Алла склонна была согласиться с экспертом: убить может и психически здоровый человек, но манипуляции, проделанные убийцей, явно указывали на то, что он не вполне нормален. Она терпеть не могла такие дела: когда речь идет о наживе, мести или ревности, можно строить логические цепочки, ведущие от жертвы к убийце, а что делать, если никакой особой причины убивать нет – просто кто-то выбрал человека и решил, что хочет его смерти!
Задумавшись, Алла и не заметила, как добрела до своего кабинета, рядом с которым мерили шагами небольшое пространство опера.
– Ну что, Алла Гурьевна, есть новости? – завидев ее, спросил Белкин. – Это маньяк?
– Давайте не торопиться с выводами, – охладила она его пыл. – Если это серия, мы, несомненно, найдем похожие преступления: я лично этим займусь.
Отперев кабинет, Алла запустила коллег внутрь и вошла следом. Усевшись за стол, она подождала, пока остальные устроятся, и спросила:
– Как дела со свалкой?
– Как я и предполагал, никто из жителей поселка ничего не видел! – сказал Белкин торжествующе: ему было приятно оказаться правым.
– Жаль! – вздохнула Алла.
– Но кое-что все-таки удалось выяснить, – добавил Дамир.
– Ну? – встрепенулась она.
– Парочка местных упомянула, что свалка легальная, но они судятся с владельцами, так как, во-первых, ее давно следовало закрыть из-за переполненности, а также по ночам туда свозят неучтенные отходы.
– И зачем нам это знать? – развел руками Белкин. – Главное, что никто не видел…
– Дамир, – не обращая внимания на возражения молодого оперативника, медленно проговорила Алла, грызя кончик карандаша, – а как жители поселка собирались доказывать, что нелегальный сброс имеет место?

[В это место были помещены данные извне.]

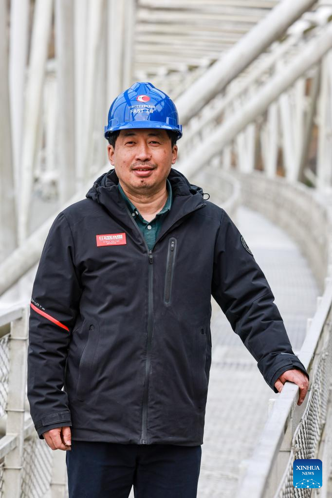 Jiang Peng walks past the FAST during its maintenance period in Pingtang County, southwest China's Guizhou Province, Feb. 13, 2023. China's Five-hundred-meter Aperture Spherical Radio Telescope (FAST), the world's largest single-dish radio telescope, is located in Pingtang County of southwest China's Guizhou Province. Jiang Peng, a deputy to the 14th National People's Congress (NPC) and chief engineer of the FAST, fulfilled the adjusting mission of the telescope with his team members and made its comprehensive capability reach the world's leading level. (Xinhua/Ou Dongqu)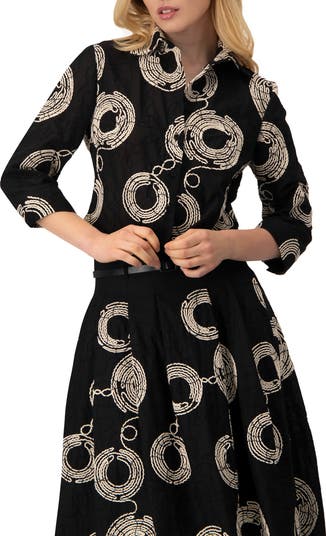 - Stylish black cropped shirt adorned with bold, circular embroidered patterns in a contrasting light tone. Featuring a classic collar, front button closure, and 3/4 sleeves, this piece combines modern design with timeless sophistication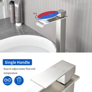 Vessel Sink Faucet Tall Single Control Waterfall Single Hole Deck Mount Bathroom Faucet With Pop-Up Faucet Stopper - Matte Black, Brushed Nickel, Brushed Gold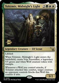 When Tolsimir, Midnight's Light enters the battlefield, create Voja Fenstalker, a legendary 5/5 green and white Wolf creature token with trample.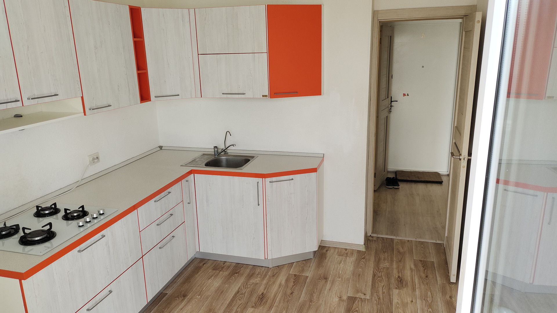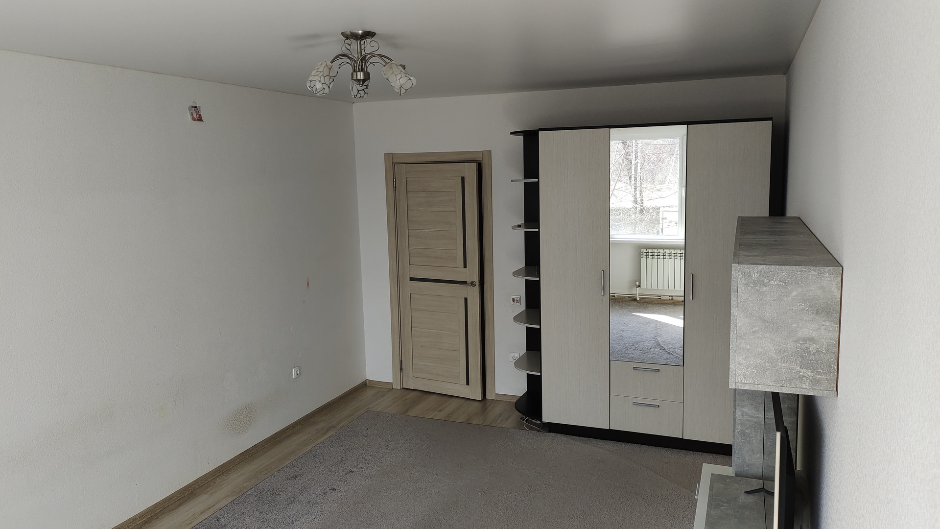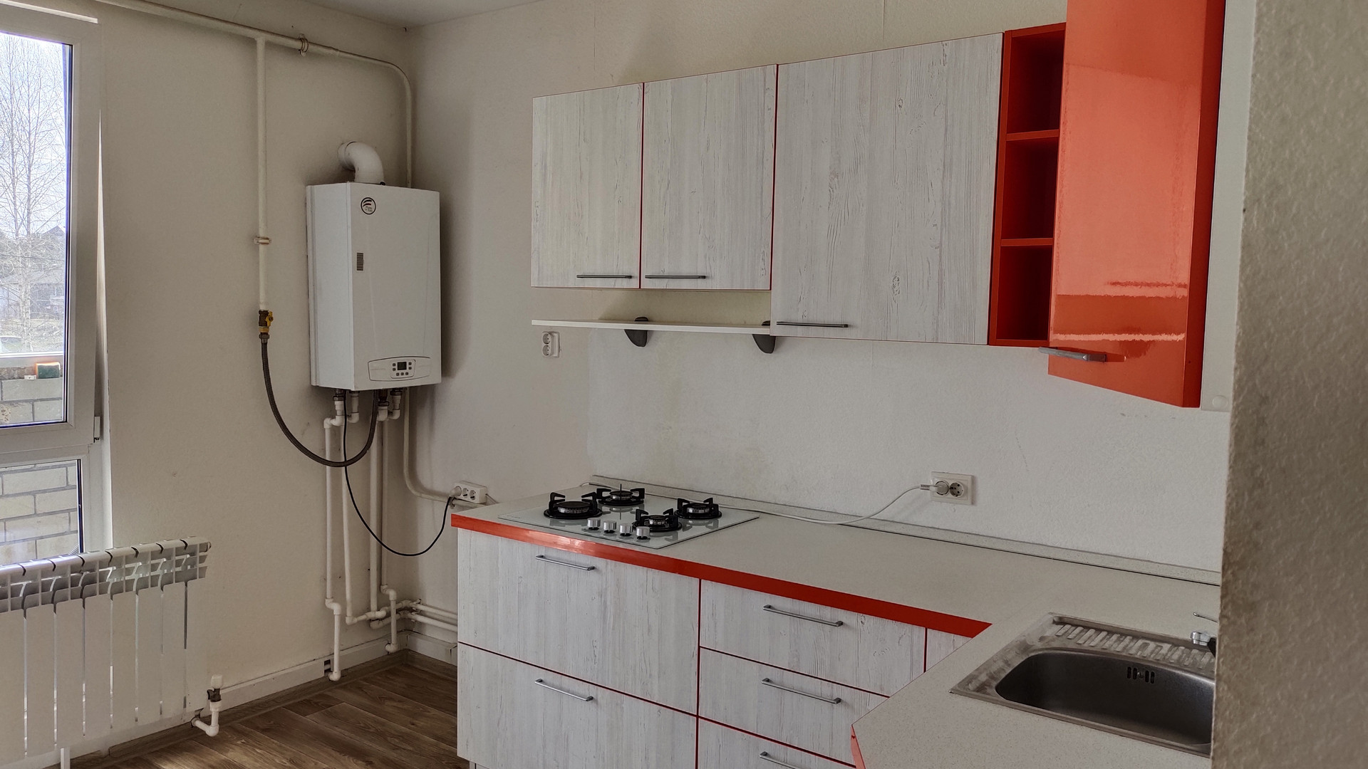 Продаем вместе с кухонным встроенным гарнитуром из МДФ, варочной газовой поверхностью, шкафом и стенкой-гостиной в комнате. Можно сразу жить.

– У них есть видео, на которых видно, что грузовики, направляющиеся на свалку, не принадлежат компаниям, с которыми заключены договоры.
– Так это же просто великолепно!
– И чего тут великолепного? – удивился Белкин.
– Надо изъять записи и внимательно отсмотреть.
– Зачем?
– Вы думаете, что удастся выяснить, какой компании принадлежат «левые» машины? – догадался Ахметов.
– Верно!
– Но что нам это даст? – не сдавался Белкин.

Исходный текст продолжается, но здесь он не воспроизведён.